Days prior to Lee’s inauguration ceremony in late February, Ambassador Ning stated that China-South Korean relations are at a “new starting point” and that “the neighboring countries have become vital partners not only economically, but also on the international stage of diplomacy, security, and culture. China demonstrated its will to improve relations with the new government by having State Councillor Tang Jiaxuan attend Lee’s inauguration ceremony. But, China’s representation was low-key as Japan’s Prime Minister Fukuda Yasuo and U.S. Secretary of State Condoleezza Rice gained the lion’s share of press attention during the event.

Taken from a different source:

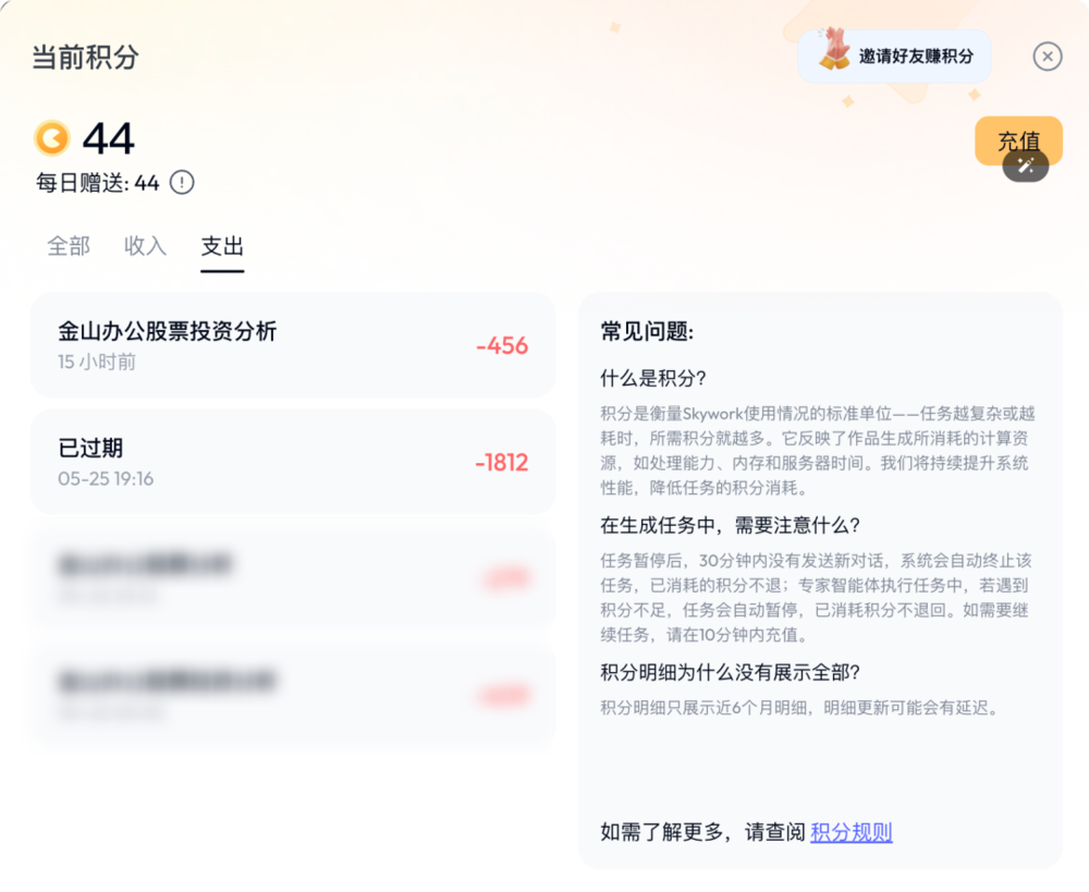 比如 Lovart 平均每个任务大概花费 300 积分,就是 3 刀(人民币约 21.5 元);天工每个任务花费约 500 积分,大概一刀(人民币 7.2 元)。

South Korean Foreign Minister Yu Myung-Hwan made a point of making Beijing his first overseas destination in mid-March, prior to visiting the U.S. and Japan. In Beijing, Yu expressed concerns that the six-party process not stall out and emphasized that “a fortified Korea-U.S. alliance is not a minus to Korea-China relations and both relations need to maintain a win-win structure.”  Yu consulted on preparations for an exchange of state visits, including a visit by President Lee to Beijing, possibly as early as May.  In addition, Chinese and South Korean leaders might meet on the sidelines of the Asia-Europe Meeting in China in October, the APEC meeting in Peru in November, the ASEAN Plus Three meeting in Thailand in December, and possibly during the Beijing Olympics in August.  Yu also mentioned the possibility of a trilateral summit meeting among Chinese, Japanese, and South Korean leaders.

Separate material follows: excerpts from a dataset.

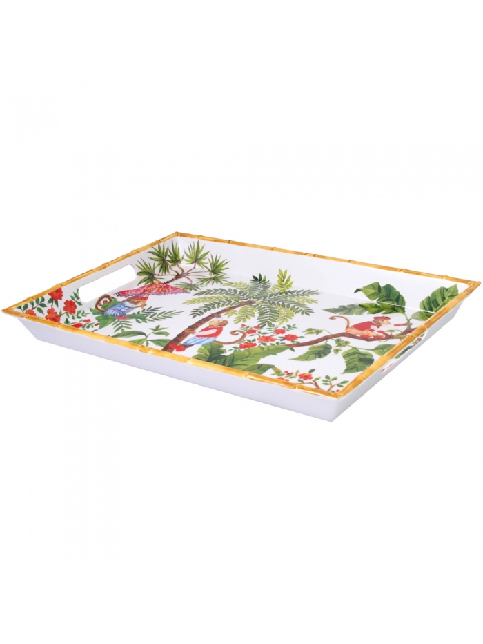 Optez pour une vaisselle originale pour colorer vos tables ! Le grand plateau Singes de Bali décoré à l'intérieur mettra votre tablée en valeur.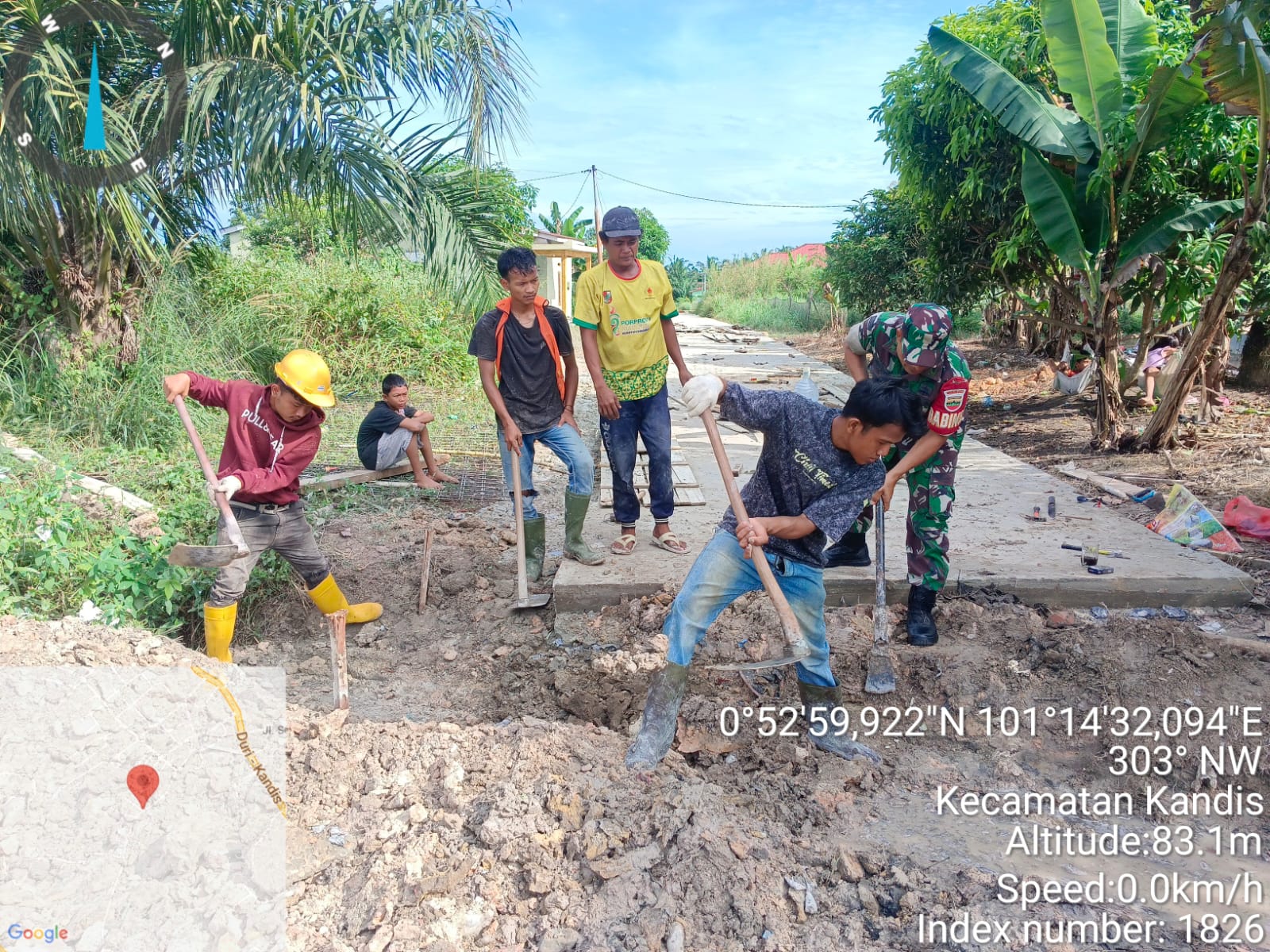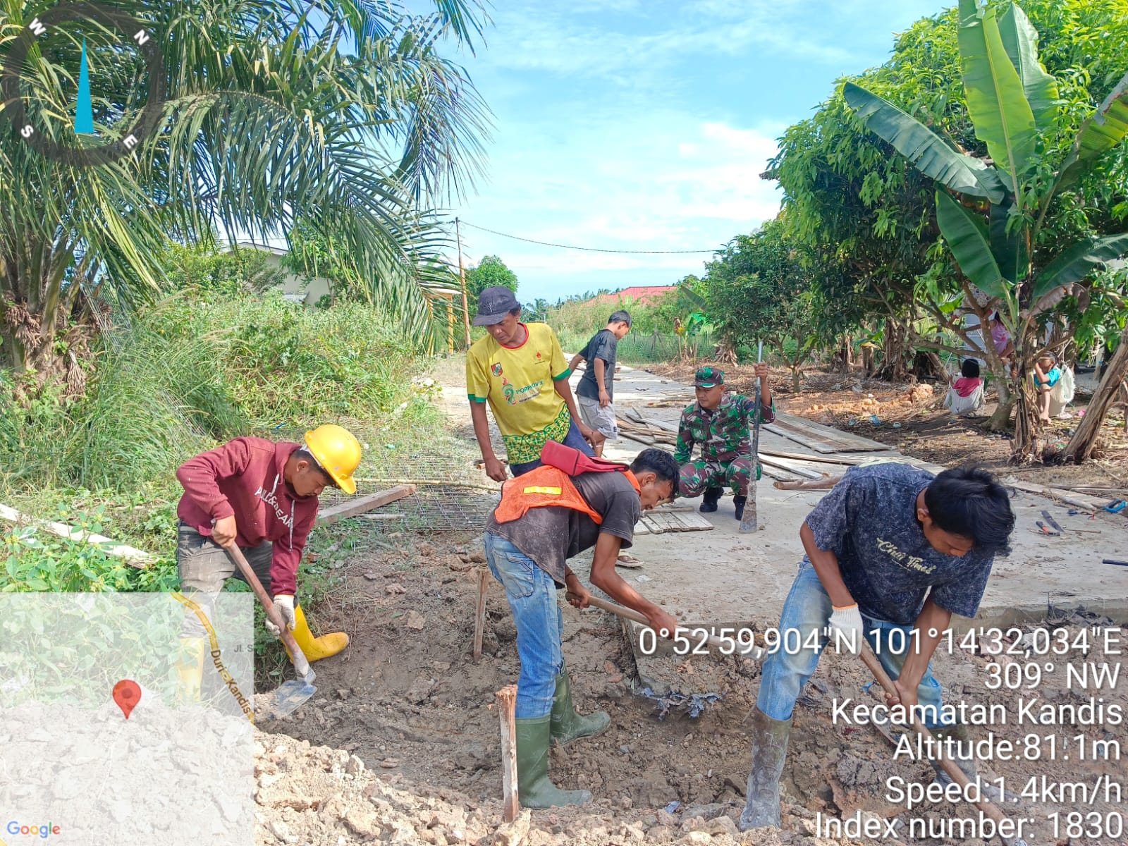 Menurut keterangan Babinsa Serma Budi Santoso,” Bahwa pagi ini pihaknya telah melakukan kegiatan gotong royong bersama beberapa warga yaitu membantu melakukan semenisasi yang terletak di Kampung Kandis.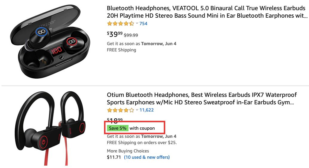 原因在于:当你对一条Listing设置了优惠券,在搜索结果展示页,这条Listing会比其他Listing多了一个标识,而这个标识无疑可以让设有优惠券的Listing更加显眼,可以提升消费者的点击率。

President Lee’s appointment of the former South Korean Ambassador to China Kim Ha-joong as unification minister sends mixed messages.  On the one hand, Kim was a loyal supporter of Kim Dae-jung’s Sunshine Policy as his Blue House advisor prior to spending all five years of the Roh administration in Beijing.  Kim maintained a relatively low profile in Beijing, but is known to have aggressively pursued information from Chinese officials regarding sensitive issues related to North Korea’s leadership.  It remains to be seen whether Kim will be effective in dealing with the North and what type of envoy Lee will select as his ambassador in Beijing.

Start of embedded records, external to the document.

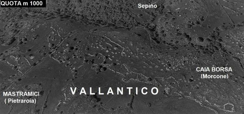 Tutta la zona, cosi come il torrente che l’attraversa, è nota col nome di Vallantico (da vallum: palizzata, baluardo, bastione e, in senso figurato, difesa, riparo, barriera protettiva, e antiquum: passato, vecchio, di un tempo)…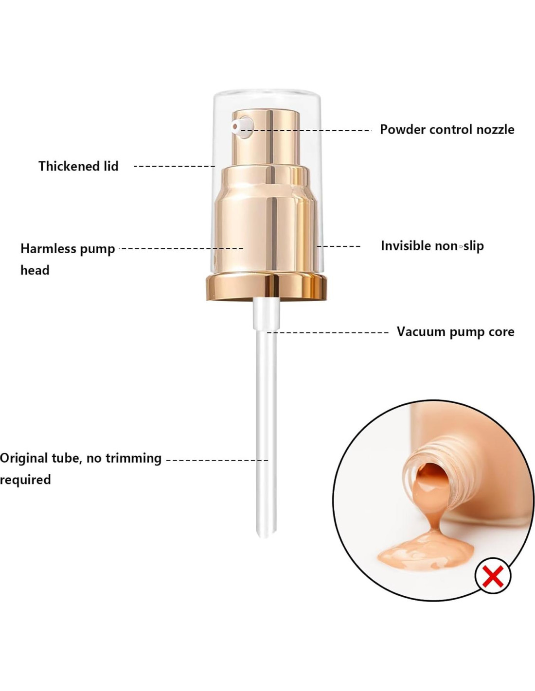 - Dispensación Precisa de Base: Dispensar la cantidad ideal de base con cada bomba, minimizando el desperdicio y el desorden mientras mantiene tu botella ordenada y limpia (Usar tu pulgar para presionar la bomba proporciona un mejor control en comparación con usar tu dedo índice. Para configurarla, retira la tapa de la bomba, atornílala de forma segura a la botella y presiona la bomba varias veces hasta que la base se dispense durante el primer uso. Una vez lista, simplemente presiona la bomba para dispensar la cantidad deseada de base con facilidad.)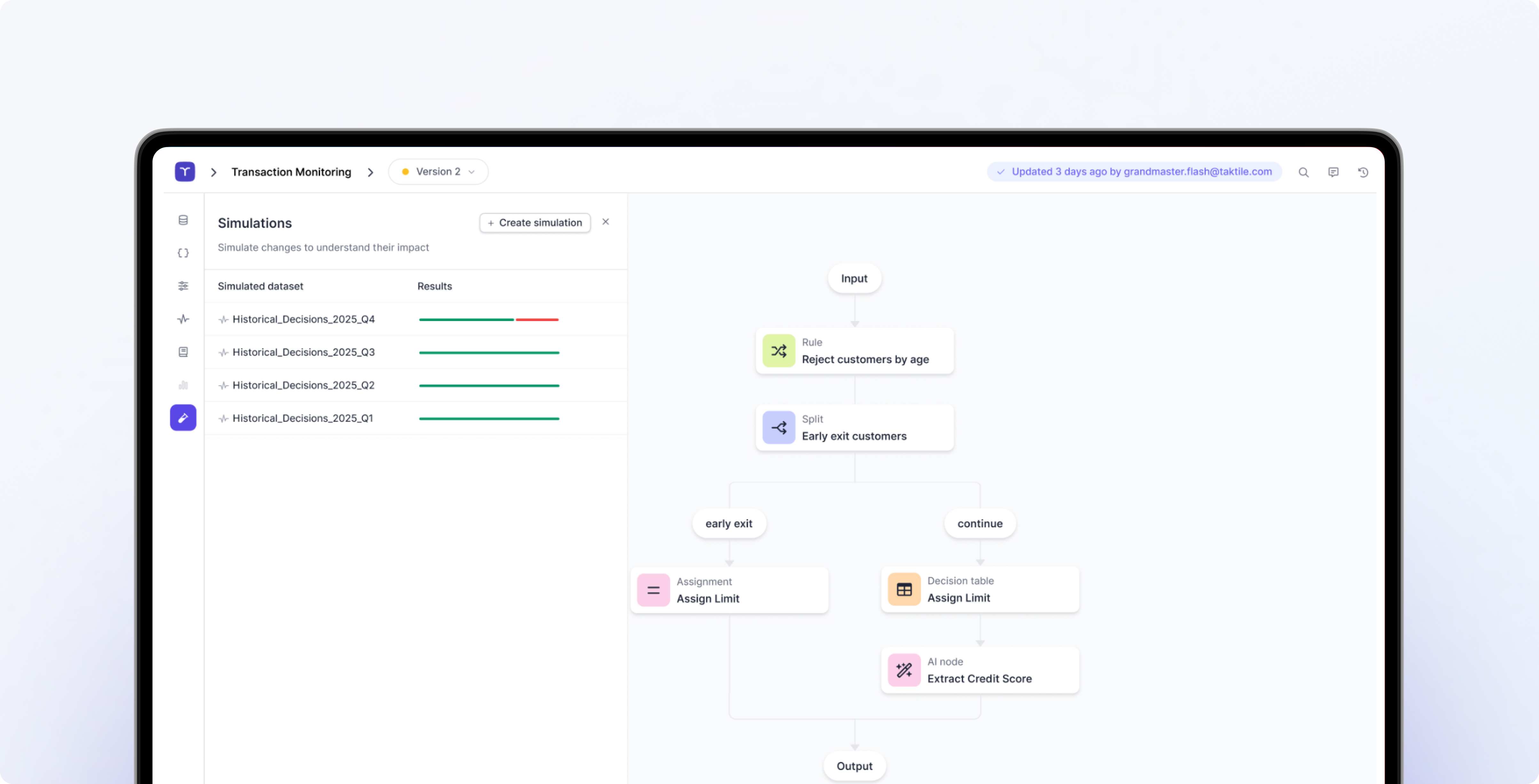 Unblock your domain experts to iterate quickly on business logic with the safety and control that financial institutions require.

China also received notification this quarter of approval by Seoul municipal authorities for the construction of a embassy complex in downtown Seoul consisting of a 10-story and a 24-story building, a grand gate, and a garden.  The embassy will be the largest foreign diplomatic compound in Seoul with a total land area of over 17,000 sq. meters, surpassing Russia’s 12,000-meter complex in southern Seoul.

Lee Myung Bak, North Korea, and the China-DPRK relationship

One role of Chinese consultations with Seoul has evidently been to provide North Korea with a third-party assessment of the implications of the Lee Myung-bak administration, in addition to helping with information necessary for Lee to shape his own policy toward Pyongyang.  CCP International Liaison Department head Wang Jiarui was able to rely on his own conversations in Seoul prior to Lee’s election as well as Beijing’s initial exchange of special envoys in mid-January.  Those visits along with Beijing’s assessment of prospects for inter-Korean relations and his visit to Pyongyang at the end of January, when he met Kim Jong Il, made Wang the ideal choice to provide insights on both sides.  During his visit to Pyongyang, Wang conveyed a verbal message from President Hu, invited Kim Jong-il to attend the Olympic opening ceremonies, and toured the Kaesong Industrial Complex, no doubt to underscore Chinese desires to see continuity and progress in inter-Korean economic relations and North Korea’s own reform and opening to the outside world. Wang was quoted by Xinhua news agency as saying that “the present difficulties are temporary and can be conquered,” while Kim Jong-il was quoted as saying that “There are no changes in the North’s stance to continue pushing forward the Six-Party Talks persistently and implementing all the agreements.”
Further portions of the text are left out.